One of the most dishonest aspects of British energy policy is the reluctance to understand and acknowledge the continuing reliance on natural gas in power generation and domestic heating. In 2021, gas supplied 42% of total national energy demand, and generated 40% of electric power production, more than all renewable sources combined.

But the UK’s own gas production is declining. In 2021 output from British gas fields was equivalent to 42.5% of national demand, the lowest proportion since 1970. From 1995 to 2003, the UK was a net gas exporter, but the real decline set in around 2008, the year that Ed Miliband’s Energy Act was passed, setting the scene for the rise of renewables and the turn against hydrocarbons. But Miliband was merely the trailblazer for the Coalition and Tory governments to come.

A key aspect of energy, especially in the northern hemisphere, is seasonal demand. Gas and electricity supply need to respond to wide swings in consumption as the temperature drops. In winter, gas demand averages three times the summer requirement. But that’s just an average: peak winter daily demand can be five or even six times the summer trough. Historically, the UK benefited from highly flexible offshore production, but these “swing” fields are nearly all worked out. Most UK gas is now produced at a fairly steady year-round rate, which means flexibility has to be found elsewhere.

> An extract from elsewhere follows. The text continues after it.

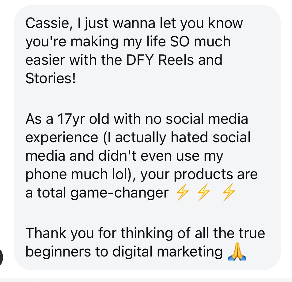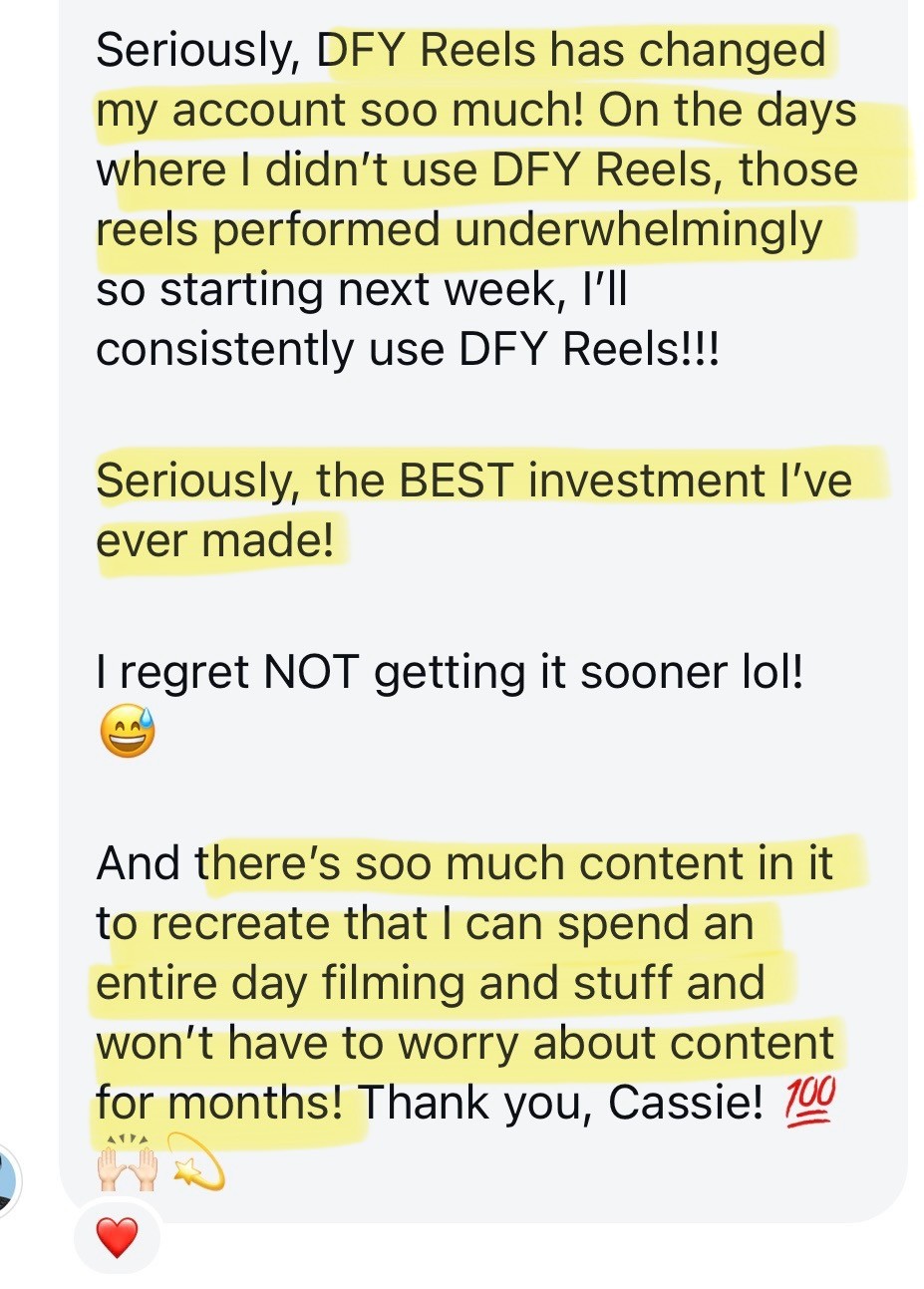 While the DFY Reel templates are fully done-for-you in terms of structure and ideas, you will still need to create and edit the Reels yourself.

The obvious source then becomes storage. European countries have large storage capacities because historically they depended on long distance suppliers in Russia, Norway and Algeria, and gas that travels thousands of kilometres can’t be delivered flexibly. But Britain had its swing fields, and as these declined it was able to depend on the international market. As a result, we have minimal underground gas storage. Britain pioneered gas trading across Europe, and also built a very large LNG import capacity, which has stood the country in good stead over the past 10 to 15 years.

But everything changes when there is an overall shortage of gas on the international market, as has now been caused by Russia’s invasion of Ukraine. Then it becomes a question of rationing by price. So if the UK market needs short-term gas – by pipeline or as LNG – it will have to outbid other players with recourse to significant quantities of stored gas.

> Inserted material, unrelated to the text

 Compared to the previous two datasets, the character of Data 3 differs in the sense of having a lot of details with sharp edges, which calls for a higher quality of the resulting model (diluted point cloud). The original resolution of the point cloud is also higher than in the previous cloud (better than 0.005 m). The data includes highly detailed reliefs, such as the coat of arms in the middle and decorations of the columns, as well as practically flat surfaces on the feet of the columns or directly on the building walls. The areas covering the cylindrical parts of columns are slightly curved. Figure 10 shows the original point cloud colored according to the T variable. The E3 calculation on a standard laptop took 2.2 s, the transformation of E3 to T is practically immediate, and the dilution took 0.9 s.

Britain’s single largest storage site was Centrica’s Rough, a depleted offshore gas field. Centrica closed it a few years ago because its facilities were old and run down, and gas prices at the time would not support its overhaul without government assistance, which was refused. Now the Government is scrambling to help Centrica reopen the site, but even if Rough is brought back online, it is unlikely to be much help before the winter of 2023/4.

In the short term whoever occupies 10 Downing Street will have to subsidise household and probably also business energy bills. That is a real political, economic and moral imperative which will cost the country dearly for years to come and throw out many calculations. In the medium to longer term there will be various plans to reform the gas and power markets, extend Whitehall’s control, perhaps even renationalise all or parts of the gas and electricity sector. Most of the ideas around now are half-baked or nakedly ideological (or both), but some have merit: for instance, reforming the regulation of the power sector to eliminate perverse incentives and encourage timely investment.

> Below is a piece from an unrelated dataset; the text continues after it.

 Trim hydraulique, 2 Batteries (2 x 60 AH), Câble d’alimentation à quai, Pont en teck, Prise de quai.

What we actually see is politicians flailing around and announcing desperate and unrealistic measures which, they imply, will help us get through the coming winter. Let’s be clear: there is nothing our leaders can do in what remains of 2022, short of surrendering Ukraine to Putin and dropping sanctions in the hope that he will turn on the gas taps for Germany and the other big European consumers. The Russian President understands this very well, and is playing on European popular sentiment in the hope that Scholz, Macron and the rest will cave in. Indeed, Putin is one of the only world leaders who has a realistic grasp of energy market realities, as he showed a few years ago when he threw in Russia’s lot with OPEC, and helped that largely ineffective elderly cartel to move the oil price up.

Various short-term initiatives have been announced by Downing Street, involving appeals to big gas producers like Qatar, Norway and the US. Norway, in fact, has been pumping more gas since the spring, as befits a serious country that understands its customers and is on the Russian front line. No doubt British representatives will be received politely in other places, but everything comes down to price and availability – and everyone is in the same boat.

These appeals recall a (probably apocryphal) story from the oil crisis of 1973, when the newly assertive OPEC reduced supply to Britain and other western nations by 25%. Ted Heath, the Prime Minister, was also facing a miners’ strike at a time when most British electricity was generated from coal. Heath was advised by the Cabinet Secretary, Sir John Hunt, that BP and Shell, the “London majors”, would of course ensure Britain was fully supplied, and on this basis, he decided to take on the miners. But when he belatedly asked the two chief executives for assurances, BP’s Sir Eric Drake replied: “Of course, Prime Minister, so long as you can give me a letter of instruction with your signature on it that I will be able to show to the leaders of France, Germany, the Netherlands…”. At that point, Heath realised there would be no special favours for Britain. Shortly afterwards, in February 1974, he called a general election. He lost.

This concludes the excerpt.